This is Hollywood at its “finest”, and this is people at their “worst”. Do they watch it because they hope he’ll turn around and try and FIX things, or do they watch it because they want to see him FALL apart?
We all know what drives the Media. It’s old news, pardon the pun. Bad News Sells. Pain is Profitable. Sex is King.
If the series had been about him trying to get OUT of a mess he was in, would it be as popular, even if as well written? I doubt it. Because it seems Americans(I can’t speak for people outside the US) WANT to see Pain, Bad News and Sex, if only to make themselves feel better.
Call me cynical but almost forty years of life, watching politics, listening to the media, and having seen what the streets has to offer shows me that by and large, people are more fascinated by the idea of Pain than Pleasure.
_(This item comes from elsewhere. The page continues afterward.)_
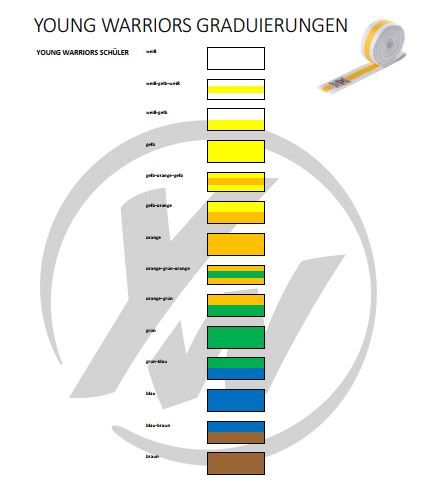 Im Young Warriors gibt es ein Gürtelsystem, angelehnt an klassische Kampfsportarten. Die Kinder können regelmäßig kleine motivierende Prüfungen machen und sich dann über ihre Trophäe freuen, den neuen Gürtel. Zu jeder Stufe gibt es ein festes Trainingsprogramm, das die Kinder an die Hand bekommen.

Hollywood encourages it. Shows that have a positive note, even if there are bad things happening, tend to die off quickly. Because Hollywood tries to shovel such shows to bad time slots or get people focused on the more interesting(ie more violence, more drugs, more sex) shows out there.
Because … Drugs Sell, Sex Sells, Violence Sells.
Happy News … does not.
Which is the shame. We NEED to hear the Good News(not referring to religion here) that is out there. We need to see that we can be BETTER than we are.
Does Breaking Bad show that we can be better? Or does it just show how horrific bad can get?
To me, its the latter.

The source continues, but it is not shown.